A Case of Overlapping Clinical Features of Idiopathic Granulomatous Mastitis, Hidradenitis Suppurativa, and Pyoderma Gangrenosum Successfully Treated with Adalimumab

A 36-year-old woman with a 6-month history of painful unilateral mammary nodules and abscesses was initially treated by gynecologists under the diagnosis of idiopathic granulomatous mastitis (IGM). IGM is an entity that has not been described in classical dermatological textbooks and is considered a rare inflammatory breast disease assumingly associated with trauma, infection, or autoimmune system manifestations.
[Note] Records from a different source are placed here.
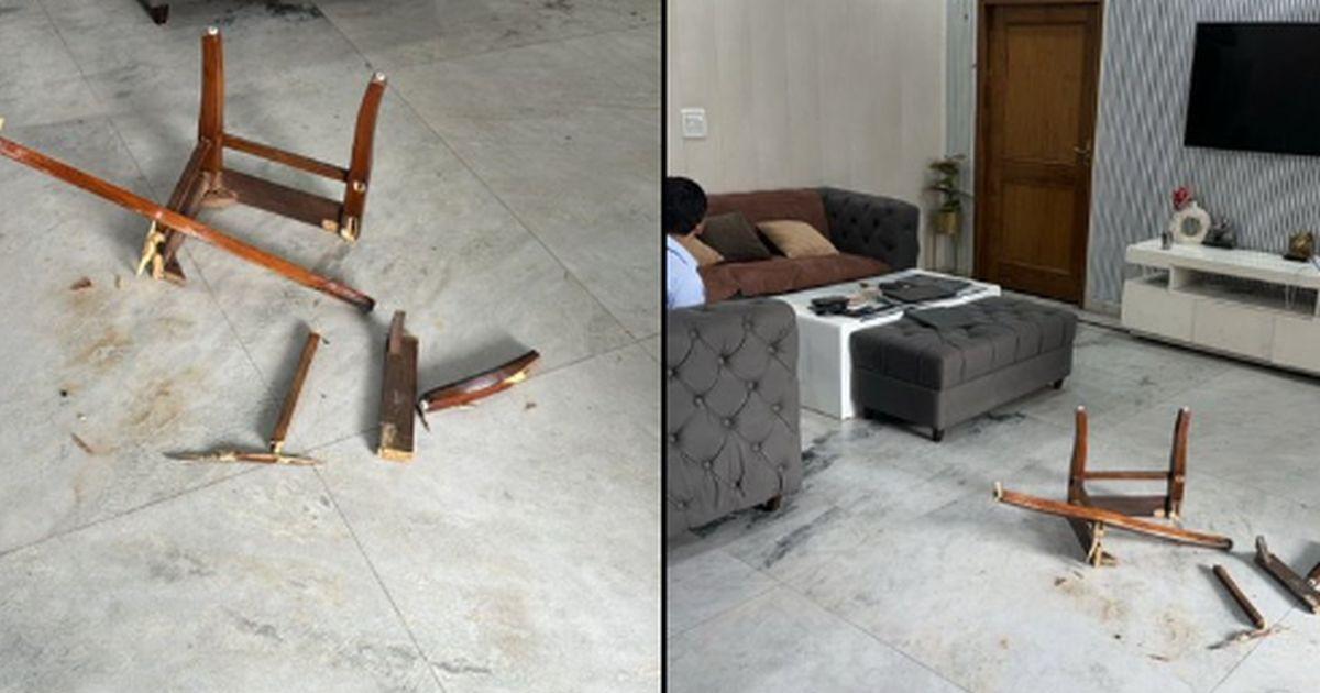 A picture of a broken chair, kept in the farmhouse, was shared by the ED on X.
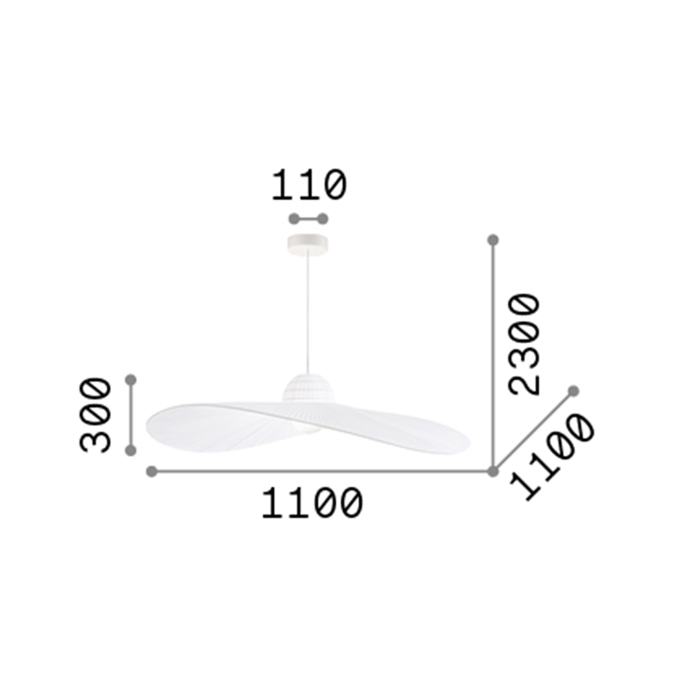 Collezione MADAMECHAPEAUSospensione a 1 luce con rosone in metallo verniciato bianco opaco. Cavo in tessuto. Diffusore con telaio metallico avvolto da nastro in tess..
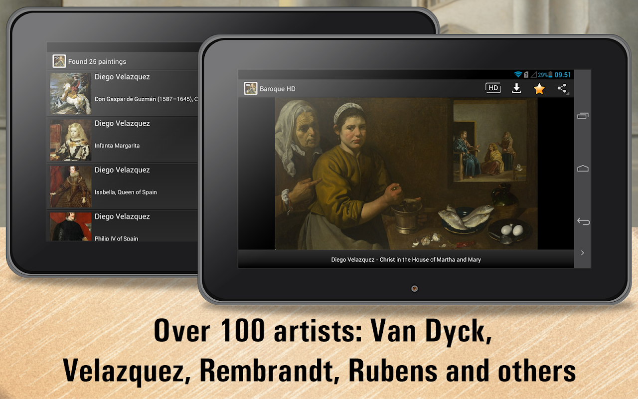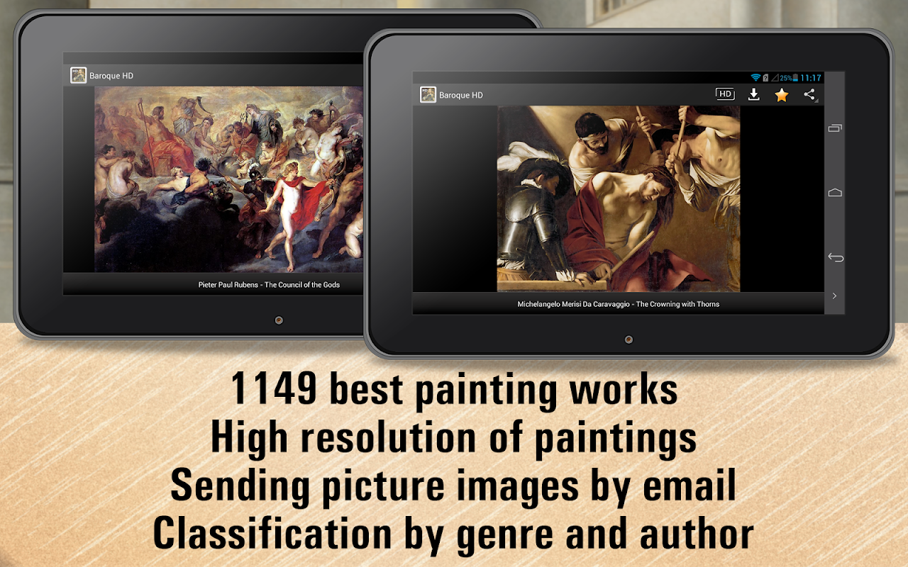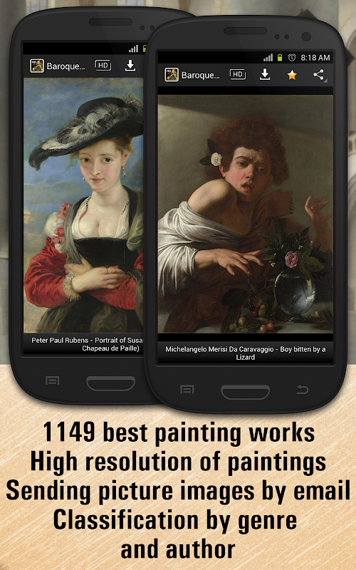 The application contains a great collection of 1149 paintings of 100 different artists - including Michelangelo Merisi da Caravaggio, Peter Paul Rubens, Anthony van Dyck, Rembrandt van Rijn and many others.
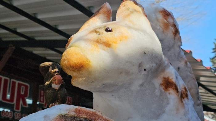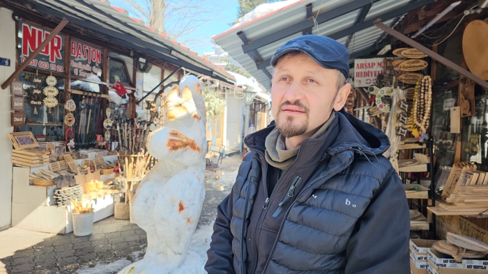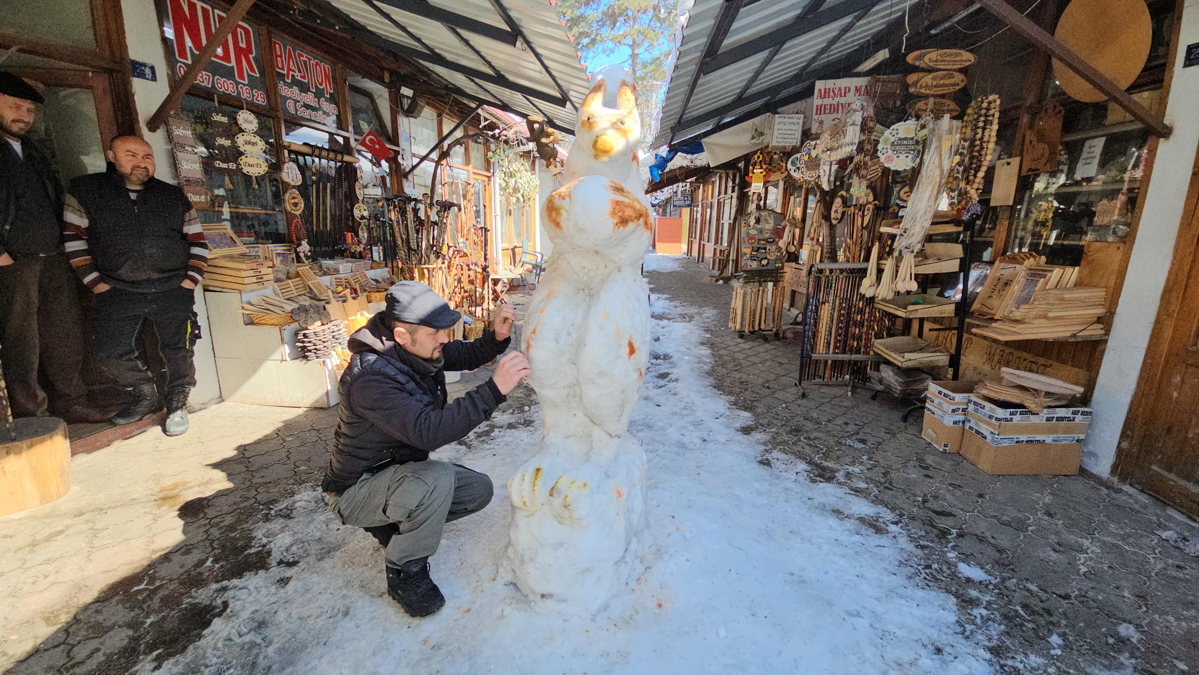 İlçede çocukluğundan bu yana baston ustalığıyla uğraşan Güllüoğlu, kardan yaptığı sincap figürüyle görenleri hayran bıraktı. Elindeki ceviz detayı, kuyruğu ve 180 santimetrelik boyu ile dikkatleri üzerine çeken kardan sincabı görenler fotoğraf çektirdi.
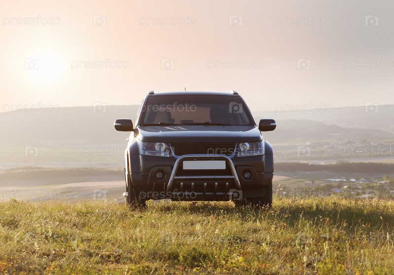 Внедорожник на рассвете на фоне гор
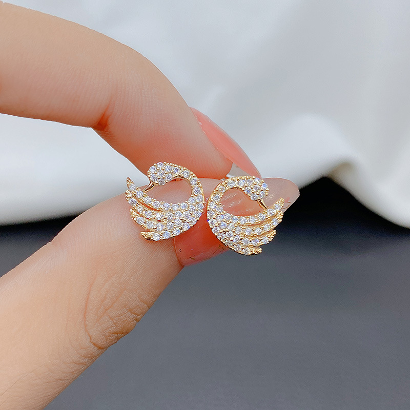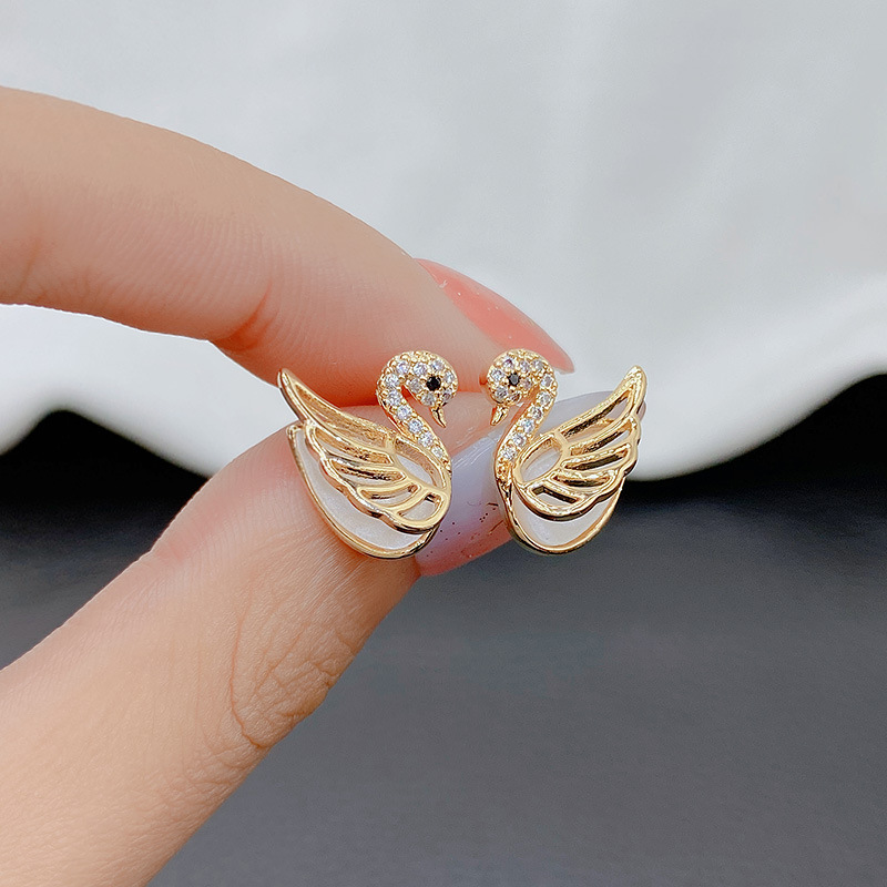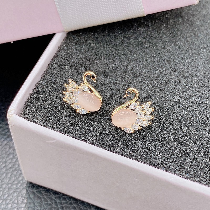 Warm Cat Eye Stone Swan Elegant Super Fairy Earrings
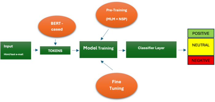 NLP analizza il contenuto dell’e-mail in due passi. Il primo passo è un processo di formazione/addestramento che comprenda la vettorializzazione del testo, in un formato opportuno per l’intepretazione da parte dell’algoritmica intelligente a partire dal contenuto originale. In questo processo il testo, o eventualmente un contenuto multimediale incluso nell’e-mail, viene analizzato (rif. BERT – Bidirectional Encoder Representations from Transformers, 2018) e tradotto in un formato intelliggibile dall’algorimica di analisi, considerando anche aspetti semantici quali il tono del contenuto o sfumature riconducibili alla sfera dell’empatia (sentiment).
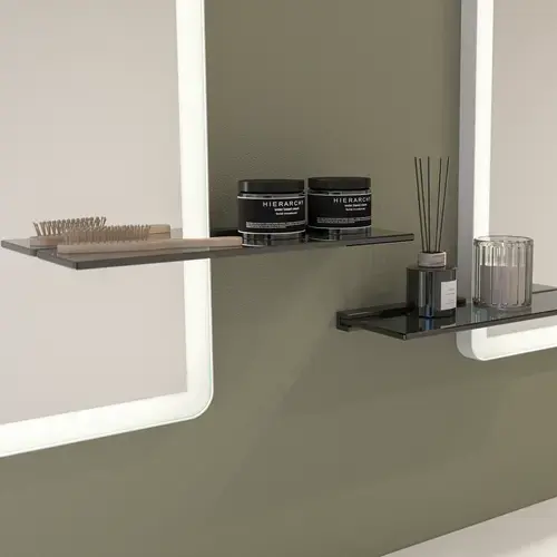 Practical shelves can be the finishing touches in the decoration of your bathroom while keeping the items most used within easy reach. Place them next to the mirror and use the space under the sloping wall. You can choose various lengths and let the shelves follow the form of the wall or the mirror.
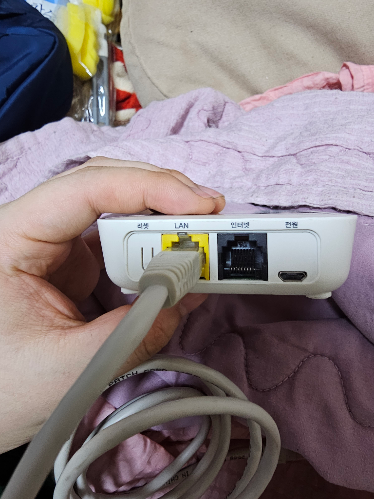 사진도 첨부해드릴께요. 인터넷과 랜선이 있는데 어떤 케이블을 연결해야 하나요? 케이블 구분이 안되네요
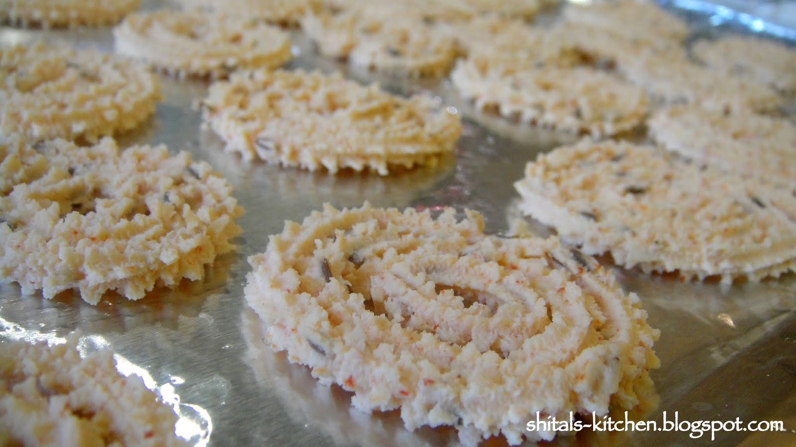 Lightly brush or spray some oil on the baking tray. Make swirls as you press the dough out of the disk.

In this patient, the lesions were refractory to conventional treatment of IGM comprising of surgical incisions, systemic antibiotics, dexamethasone, and methotrexate. At the initial visit to the dermatology department, a working diagnosis of localized hidradenitis suppurativa (HS) of breast was established, and treatment with systemic doxycycline was initiated. After the diagnostic incisional biopsy, the inflamed nodule deteriorated into a painful ulceration, implying a pathergy phenomenon. Histopathological features were consistent with the granulomatous type of pyoderma gangrenosum (PG). Treatment with systemic methylprednisolone and mycophenolate mofetil was unsuccessful. Subsequently, the patient developed nodules in the inguinal and axillary areas, typical for HS. Finally, adalimumab treatment resulted in the complete resolution of all lesions without relapse even after the biologic therapy was discontinued. Although in this case, IGM was not confirmed histopathologically, we noted several etiopathological and therapeutic similarities between IGM, PG, and HS and summarized them in a unique table. Further observations are needed to ascertain the potential associations among the three entities.